In order to determine the function of BACE1 in an intact CA3 circuit, whole-cell recordings were performed from pyramidal cells and inhibitory interneurons in the CA3 area that receive mossy fiber inputs. My analyses revealed a decrease in presynaptic release at mossy fiber synapses onto CA3 pyramidal cells of BACE1 KO mice as determined by a significantly reduction in the frequency of miniature excitatory postsynaptic currents (mEPSCs) and enhanced paired-pulse facilitation ratio. In contrast, BACE1 KO mice do not exhibit significant dysfunction at mossy fiber input on CA3 inhibitory interneurons. However, presynaptic function at inhibitory input on CA3 pyramidal neurons is impaired in BACE1 KOs, as seen from a reduction in paired-pulse depression of inhibitory postsynaptic responses and a significant decrease in the frequency of miniature inhibitory postsynaptic currents (mIPSCs).

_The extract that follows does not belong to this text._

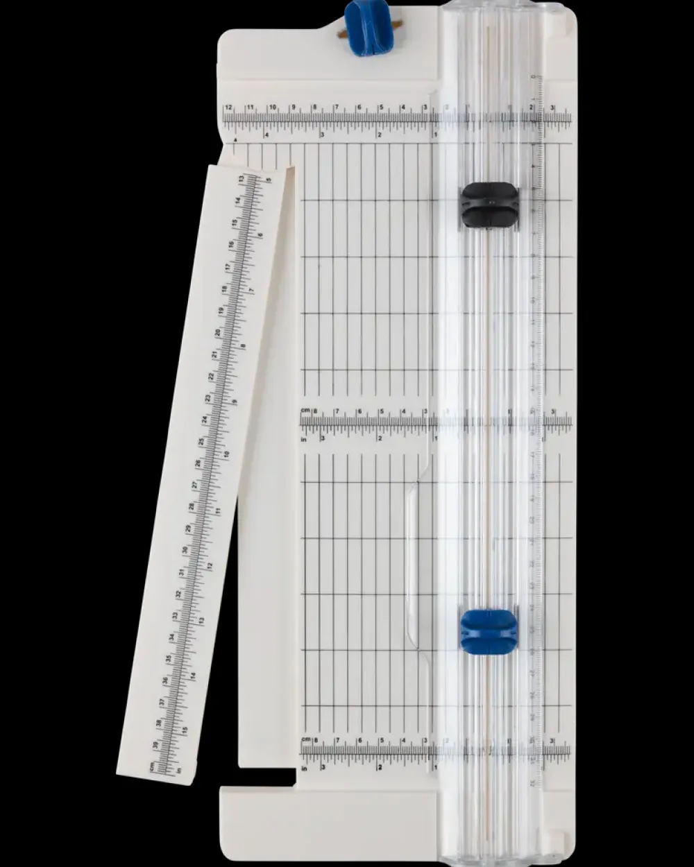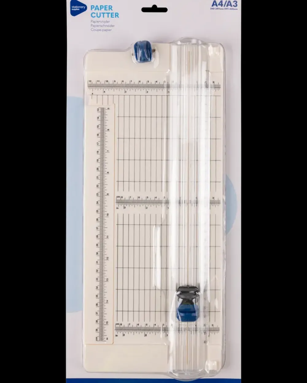 Skæremaskine til hjemme- og hobbybrug, der kan skære op til 5 stykker papir ad gangen.Lav dine egne bordkort, dekorationer, fødselsdagskort eller utallige andre kreative ideer, der kan føres ud i livet med denne skæremaskine.Skæremaskinen passer til A3 og A4 papir og har mange hjælpefunktioner.Med hjælpelinjer og en udsvingslineal med 45-90 graders vinkel kan du nemt skære i præcise vinkler og lave skarpe hjørner. Du kan også bruge centimeter- og tommermålene til at måle og skære papiret i præcise længder.Skæremaskinen kan skære op til 5 stykker papir på samme tid.

Finally, to restore the deficits caused by BACE1 inhibition, I demonstrated that brief application of nicotine can improve presynaptic release and recover mossy fiber LTP in BACE1 KOs by activating alpha7-nAChRs, which recruits Ca2+ induced Ca2+ release to rescue the abnormal presynaptic Ca2+ signaling.
In summary, my studies suggest that BACE1 may play a critical role in regulating presynaptic function, especially activity-dependent strengthening of presynaptic release. The presynaptic dysfunction seen in BACE1 KOs is likely specified by the postsynaptic target, the CA3 pyramidal neurons, independent of the type of inputs. And nicotine or alpha7-nAChR agonists may be a potential pharmacological means to circumvent the synaptic dysfunctions caused by BACE1 inhibition.